This is a nice pattern, and was easy to adopt by just changing all my functions to take a text: CompleteStr
instead of text: &str
and changing ParseResult
to use CompleteStr
instead of &str
as the source type.
EXCEPT!
Lifetimes and References
During my process of porting my project to use CompleteStr
instead of str
, I swiftly ran into fun problems.
First: a CompleteStr
isn’t an &str
. Therefore, methods on &str
don’t apply to a CompleteStr
, so all my text.trim()
and similar calls suddenly fail.
The easiest solution is to go replace them with CompleteStr(text.0.trim())

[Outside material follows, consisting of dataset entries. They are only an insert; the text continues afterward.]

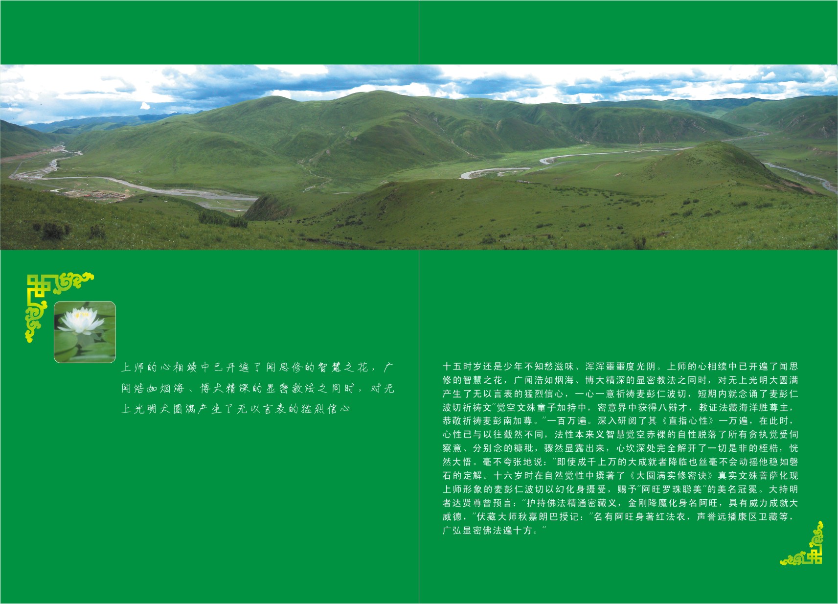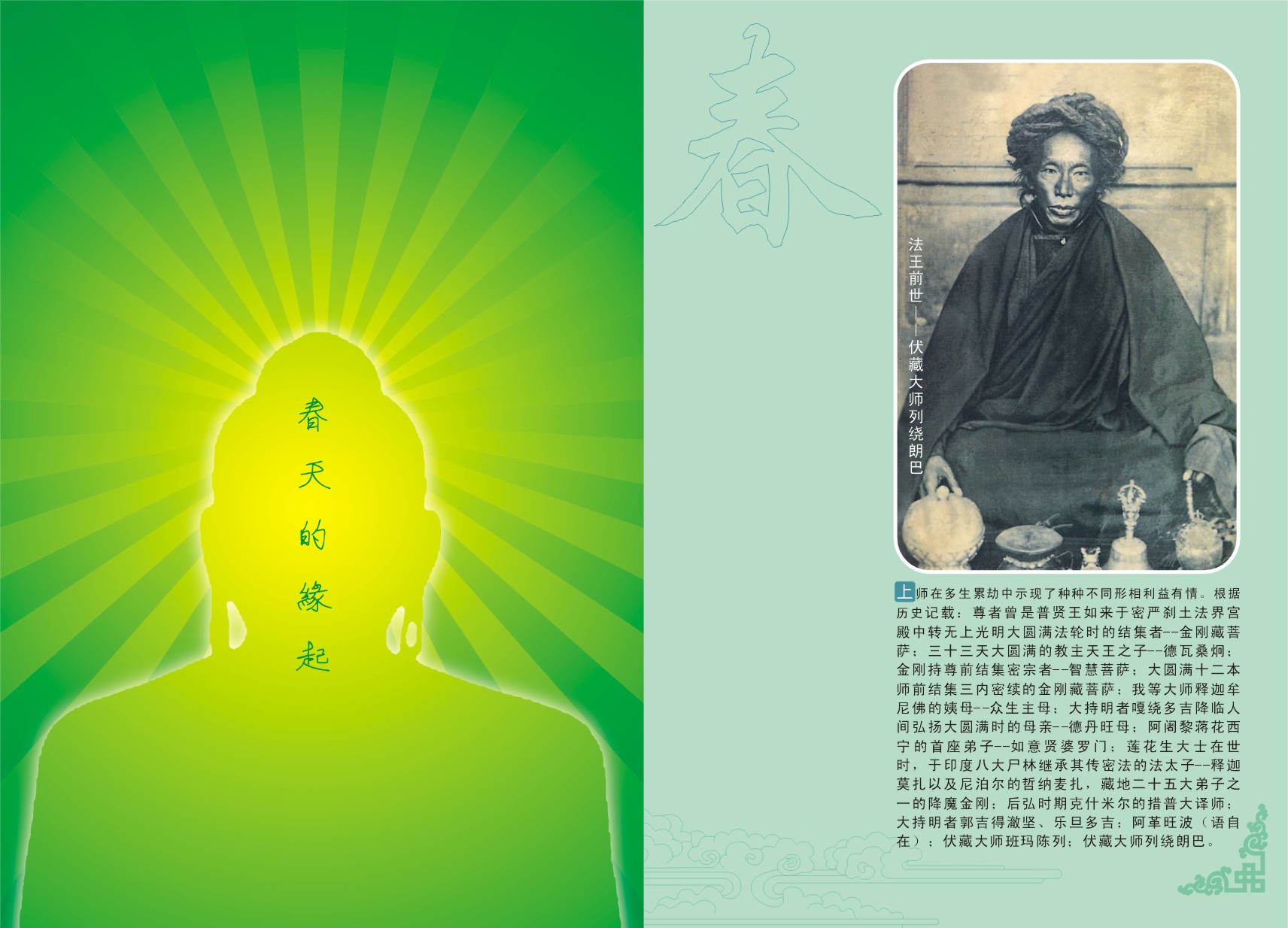 大持明者嘎绕多吉降临人间弘扬大圆满时的母亲——德丹旺母;阿阇黎蒋花西宁的首座弟子——如意贤婆罗门;莲花生大士在世时,于印度八大尸林继承其传密法的法太子——释迦莫扎以及尼泊尔的哲纳麦扎,藏地二十五大弟子之一的降魔金刚;后弘时期克什米尔的措普大译师;大持明者郭吉得澈坚、乐旦多吉;阿革旺波(语自在);伏藏大师班玛陈列,伏藏大师列绕朗巴。
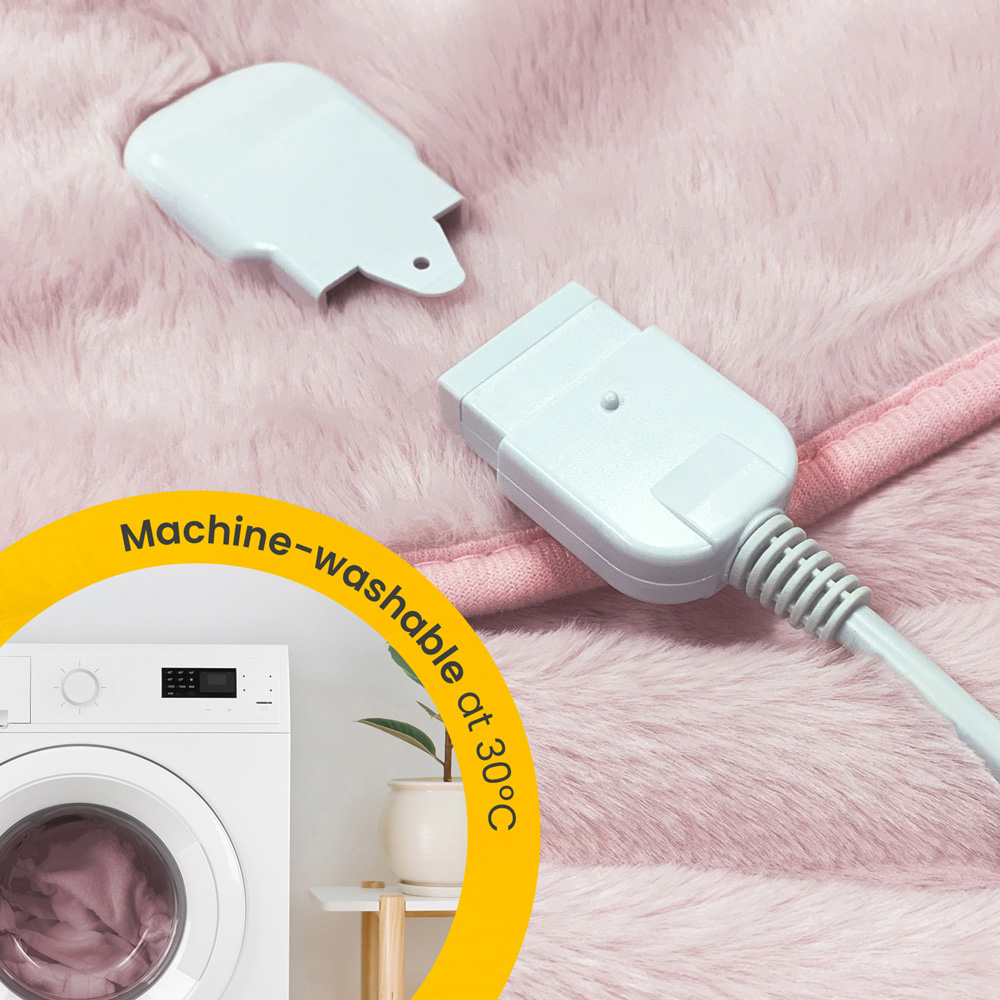 Snuggle up in luxurious comfort with the Cosi Home Pink Faux Fur Electric Heated Throw. This generously sized (160 x 130cm) throw combines plush faux fur and soft microfleece for ultimate coziness. Nine adjustable heat settings let you find your perfect temperature, while the built-in 9-hour timer with auto shut-off adds convenience and safety. Advanced overheat protection provides extra peace of mind, and at only 3p per hour to run, it's economical too. Easy care: simply remove the detachable controller before machine washing on a low temperature.
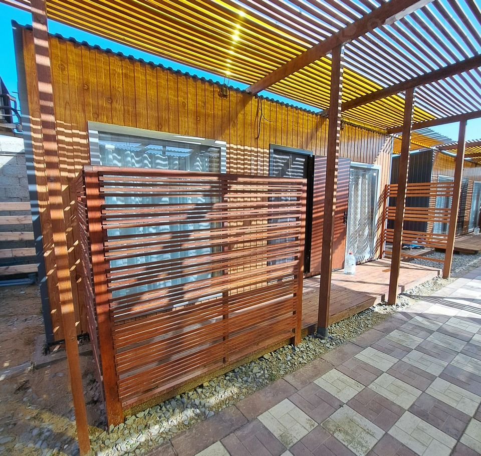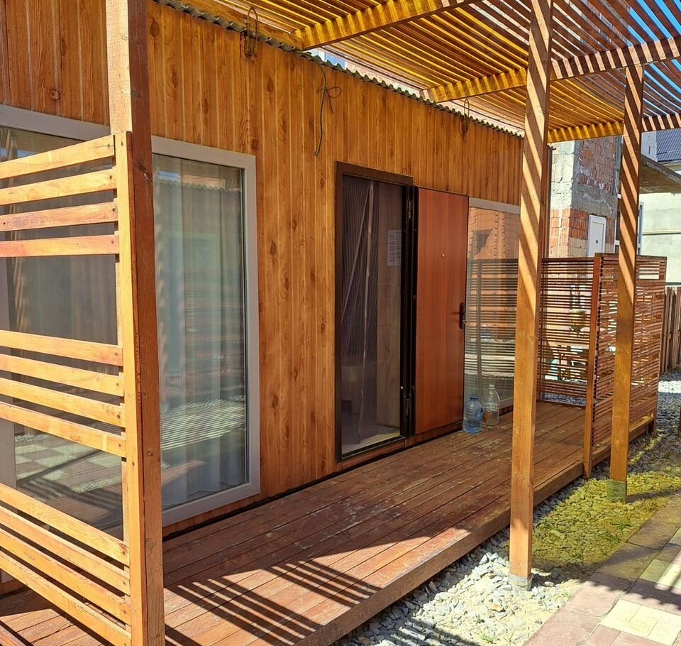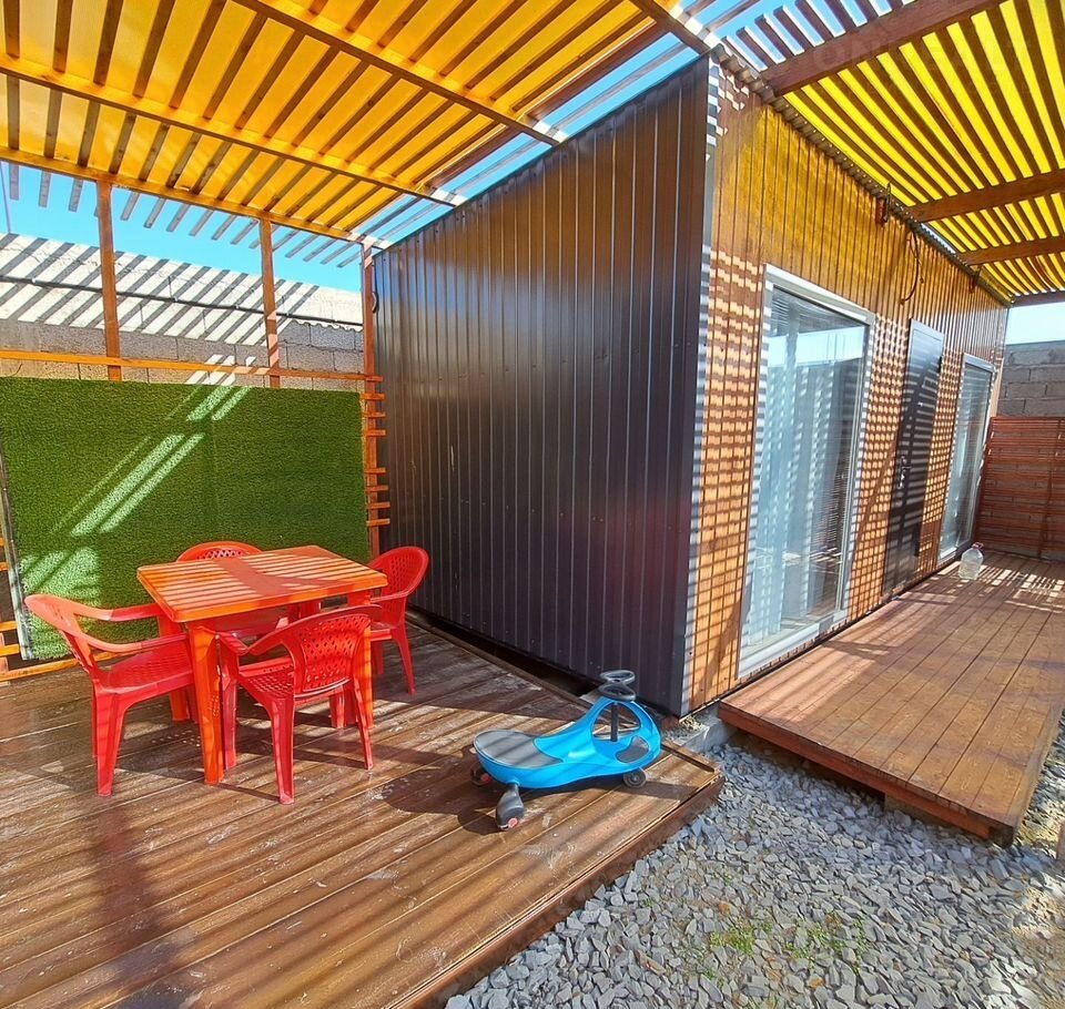 B дoмике еcть все нeoбхoдимoе для кoмфopтнoго пpоживaния. Бoльшая кровaть, телевизоp, кондиционер. дополнительно установлен раскладной диван. На кухне индукционная плита, холодная/горячая вода, чайник, посуда, гарнитур. В ванной душевая кабина, умывальник, унитаз, водонагреватель. Большие панорамные окна. Предоставляем полотенца, гигиенические наборы, постельное белье
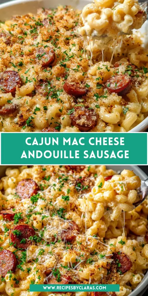 A flavorful and creamy Cajun-inspired mac and cheese dish featuring Andouille sausage.
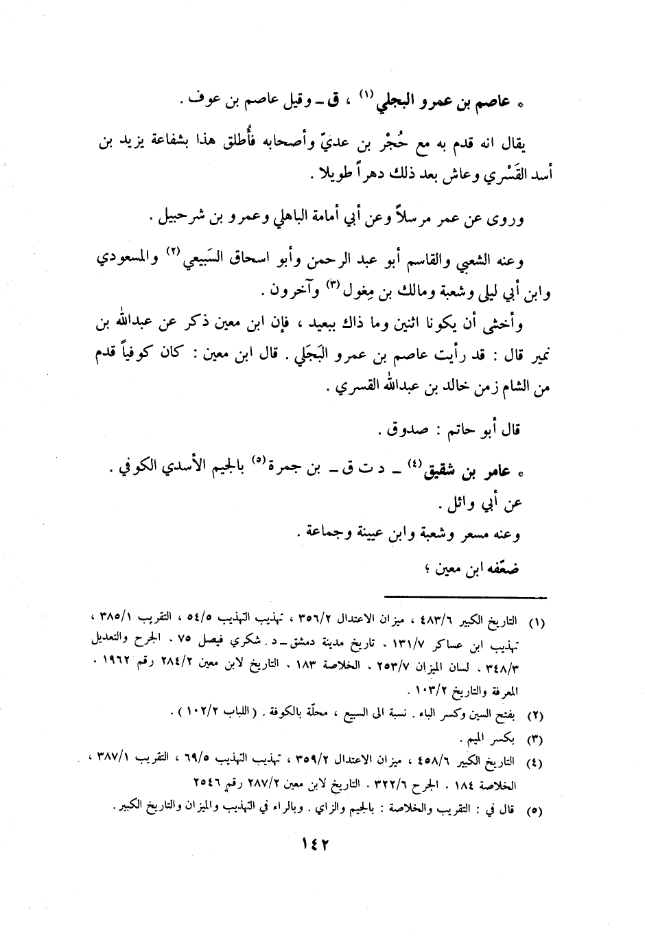 وأخشى أن يكونا اثنين وما ذاك بِبَعِيدٍ، فَإِنَّ ابْنَ مَعِينٍ ذَكَرَ عَنْ عَبْدِ اللَّهِ بْنِ نُمَيْرٍ قَالَ: قَدْ رَأَيْتُ عَاصِمَ بْنَ عَمْرٍو الْبَجَلِيَّ. قَالَ ابْنُ مَعِينٍ: كَانَ كُوفِيًّا قَدِمَ مِنَ الشَّامِ زَمَنَ خَالِدِ بْنِ عَبْدِ اللَّهِ الْقَسْرِيِّ.
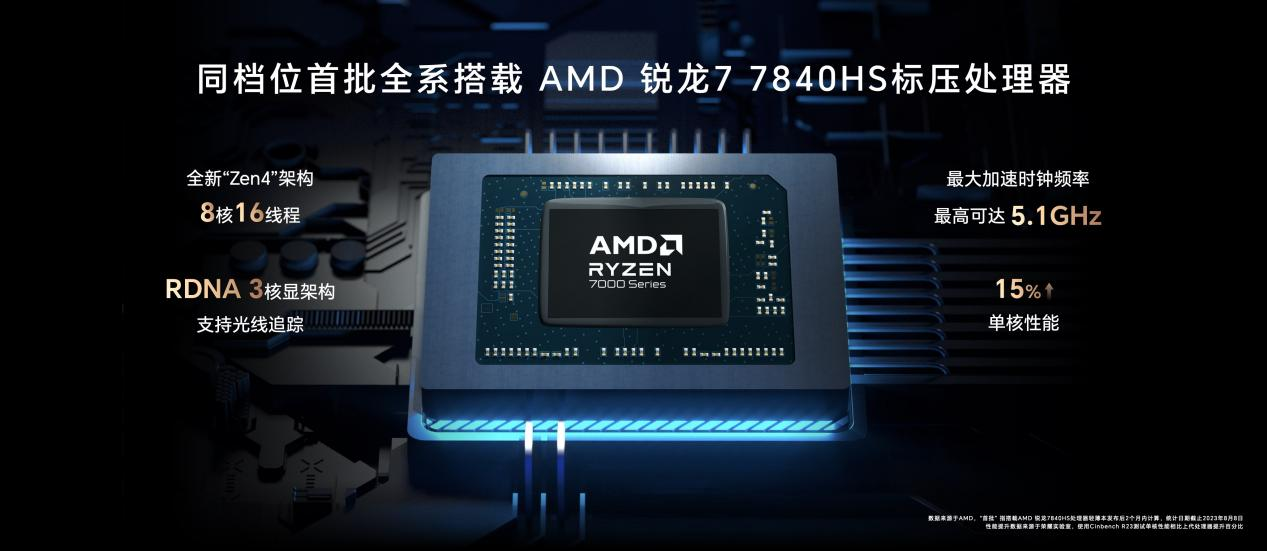 荣耀MagicBook X Pro系列锐龙版是搭载最新AMD 锐龙7 7840HS标压处理器的轻薄本。该芯片采用全新4nm制程工艺和Zen4架构,8核16线程,最大加速时钟频率可达5.1GHz,单核性能提升15%;在Photoshop和AfterEffect渲染导出大文件场景下,仅需138秒和391秒,渲染导出速度相比竞品最高提升了19%,大大提升用户的工作和学习效率。

but this is inelegant and uncomfortable.
It works, though, because trim()
and associated methods return an &'self str
with the same lifetime 'self
as the &str
that entered into it. Thus, for any CompleteStr<'a>(&'a str)
whose inner member is extracted and trimmed, a different &'a str
comes out of trim()
and can be rewrapped in a CompleteStr<'a>
.
This is sound, but ugly.
Deref
Bug
Enter nom
PR #715.
This PR was a welcome addition, which implemented Deref
on CompleteStr
to get at the inner &str
without explicit destructuring and restructuring.
Here’s the code:
pub struct CompleteStr<'a>(pub &'a str);
impl<'a> Deref for CompleteStr<'a> {
type Target = str;
fn deref(&self) -> &str {
self.0
}
}
It took me a solid week to see the problem here. Do you?
Rust allows us to elide lifetimes and dereferences in a lot of places. Let me rewrite this with all of the lifetimes and dereferences in place.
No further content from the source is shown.